Мы уходим вверх по ручью искать самца.
Снова продираемся и ползем сквозь заросли. Перешагиваем через глубокие лужи и жидкую грязь.
Время от времени слышим слабый запах оленя.
Ух, как сильно! Он только что прошел тут. Судя по следам, это крупный самец.
Ну, Банао! Вперед, осторожно! Уж этого мы не упустим.
— Туан, — шепчет Банао. — Так ничего не выйдет. Кто-нибудь один должен стать в засаду. Лучше сам туан. Наверно, олень пошел вверх по ручью. Я подожду здесь, туан зайдет спереди. Кругом идите.
Иду в обход и думаю, что это впустую. Все равно без собаки днем оленя не загнать. А хотелось бы увидеть его при дневном свете — ведь до сих пор я всегда охотился ночью с фонарем.
Сделав крюк, снова оказываюсь на тропе.
Не знаю, сколько минут я там простоял, как вдруг услышал крик оленя ниже по ручью.

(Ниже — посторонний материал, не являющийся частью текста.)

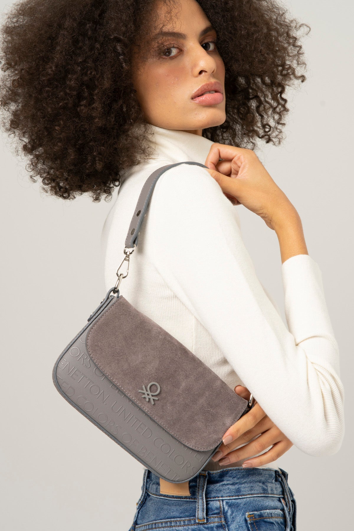 Benetton Manyetik Kapaklı Kadın Omuz Çantası Gri

Видно, Банао спугнул его, и олень решил предупредить самку. А сам продолжает идти спокойно.
Во мне снова пробудился охотник. Пульс вдвое чаще обычного. Мысли молниями пронизывают мозг. Мы не должны упустить оленя. Не то останемся без добычи.
Чу! Колышется зелень. Олень идет прямо на меня. Взяв копье двумя руками, заношу его над головой. Длина копья — два метра. Чтобы убить им оленя, надо колоть почти в упор.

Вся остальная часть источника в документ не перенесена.